Most of us entered the internet dating world with determination and optimism. The possibilities were endless, a pool of hundreds if not thousands of potential partners just a click away. But that was a decade ago and the shiny new thing that was going to find us love has become very tarnished, dare I say dirty! So what do you need to know about internet dating survival?
Internet dating attracts its fair share of serial daters, players and creeps, both male and female, after all it’s not just the guys that are using the anonymity of the internet as a licence to behave badly. Knowing the rules in the early days could have saved me a lot of angst and heartache, so I’d like to share some of this hard won wisdom with women, and the men who don’t want to be tarred with the same brush.
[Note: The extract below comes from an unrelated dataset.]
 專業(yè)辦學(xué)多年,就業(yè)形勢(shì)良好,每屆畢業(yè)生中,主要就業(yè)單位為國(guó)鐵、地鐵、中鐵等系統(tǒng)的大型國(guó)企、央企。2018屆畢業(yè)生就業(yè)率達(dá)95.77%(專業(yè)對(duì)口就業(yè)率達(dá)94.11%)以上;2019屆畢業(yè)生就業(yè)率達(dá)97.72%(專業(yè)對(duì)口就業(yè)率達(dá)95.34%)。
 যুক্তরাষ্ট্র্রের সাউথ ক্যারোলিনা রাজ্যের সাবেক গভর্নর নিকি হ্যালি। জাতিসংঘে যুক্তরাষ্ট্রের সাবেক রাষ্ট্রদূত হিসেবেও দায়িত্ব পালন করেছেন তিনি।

- Don’t waste time and/or energy on men that don’t meet your ‘Ideal Candidate” checklist
- Write your Ideal Candidate checklist – perhaps with some friends over a bottle of wine
- Write your profile and then get some trusted friends to read and comment on it. Remember your friends see you from a different perspective and may remind you of some of your qualities
- Don’t write anything negative – that doesn’t mean you shouldn’t list your likes & dislikes, that can be quite helpful for someone to assess your compatibility
- Avoid guys that refer to you with pet names i.e. baby, babe, honey. It’s way too familiar when you haven’t even met them yet and more importantly they do it so they don’t call you by another name – serial dater/player
- Do not engage in sexual innuendo talk online, you will be relegated to the ‘sex only’ box and you are probably just supplying him with ‘self management’ assistance
- If a guy is totally gushy and talking about you being ‘the one’…… RUN! He is either desperate or is grooming you because he thinks you are desperate and can take advantage of you
- Remember that if a guy is willing to show/send you pics of his hot body, you are not the only one receiving them!
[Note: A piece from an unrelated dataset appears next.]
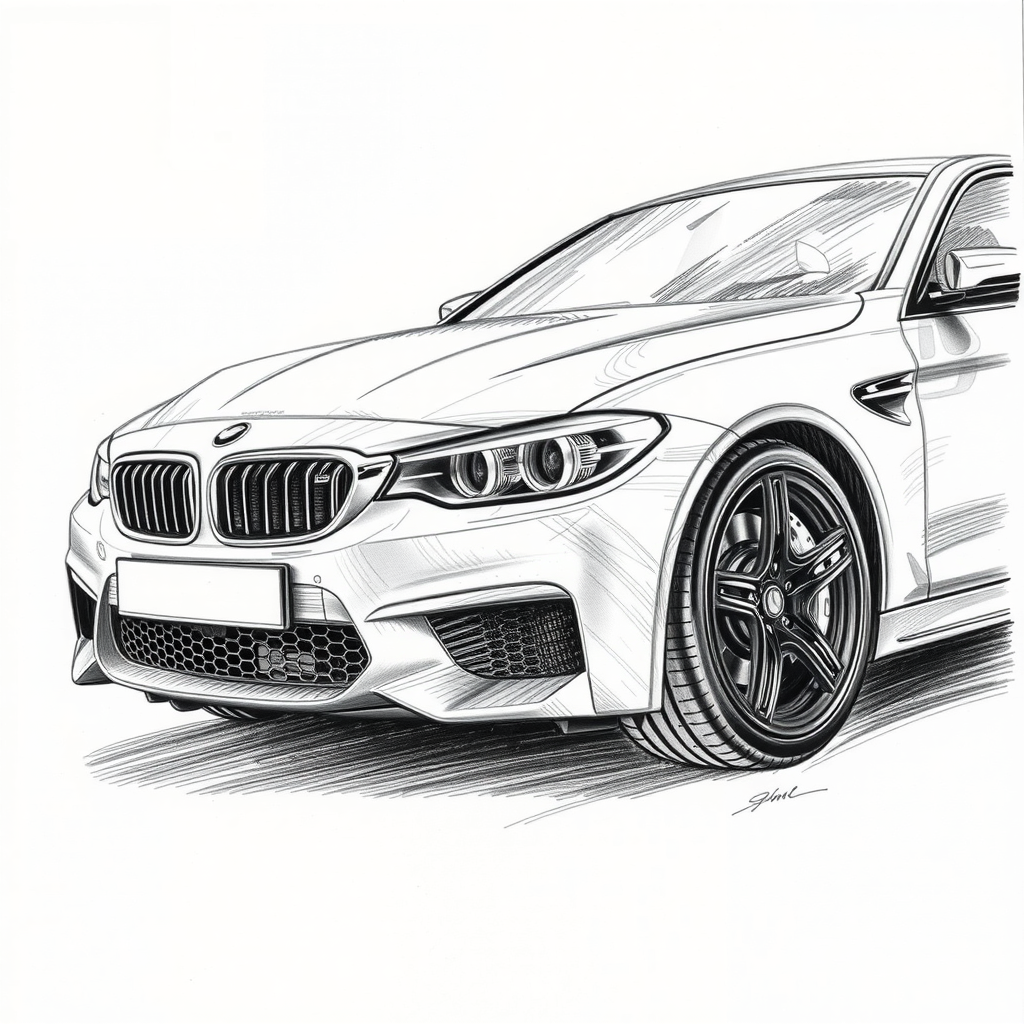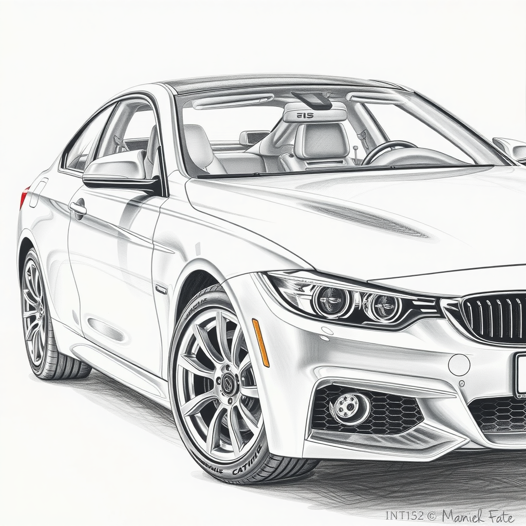 car β highly detailed graphite drawing, fine shading, soft texture, realistic pencil sketch style

- Remember that your profile pic says a lot about you, so if you don’t want to attract a player don’t upload a pic of your cleavage with a trout pout. By the way, guys hate trout pouts.
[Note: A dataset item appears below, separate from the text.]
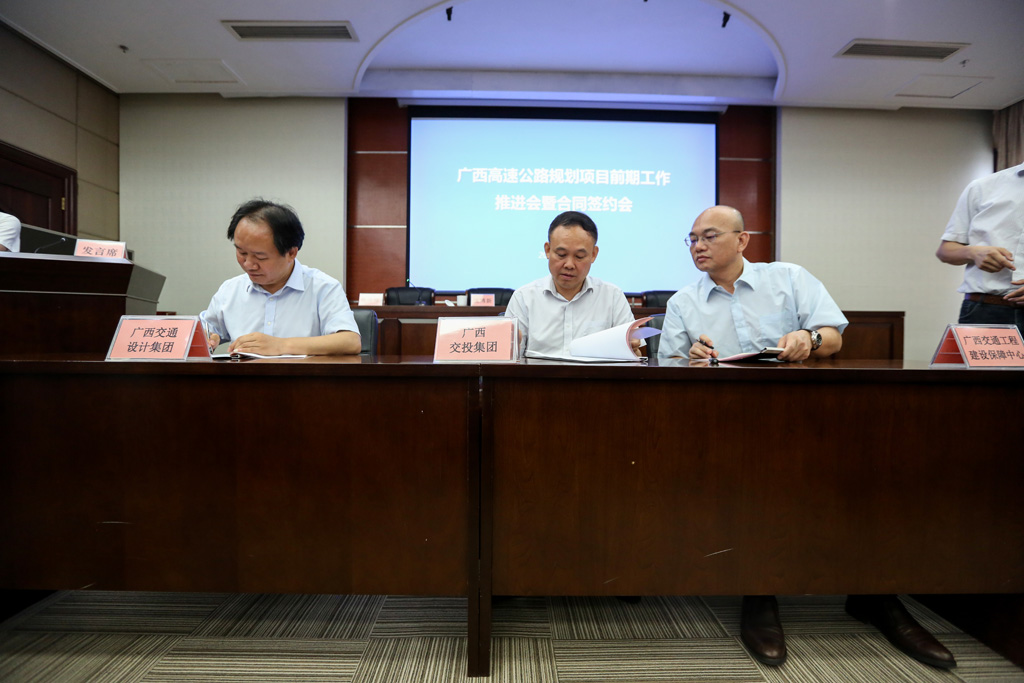 会上,广西交通工程建设保障中心、广西交通投资集团与包括我集团公司在内的15家中标企业共同签署了合同。

- If he can’t write a decent profile, communicate in writing when he has ample time to think of a response, you won’t get much better in person
- Do your homework, look at profiles that are well written, witty, confident, essentially all the things that are on your Ideal Candidate checklist. You can get pretty efficient in wading through all the messages if you stick to your ‘must have’ list
- Use your detective skills to find out as much as possible about a guy before you meet. Remember anyone can create a fake profile on a dating site, Facebook, Instagram and LinkedIn.
- Approach dates as meeting new friends, if you see each date as a potential relationship you will be disappointed quite often
The most important thing to remember about internet dating is to have fun with dating. Remember what dating was like when we were teenagers? We didn’t look at every date as marriage, we were just having fun getting to know people. And given the number of men that say they want that 16 year old excitement felt again, you could be off the market quickly if you adopt that fun loving, light hearted approach to dating when you are over 40! In my experience, men can smell desperation a mile off, and they run!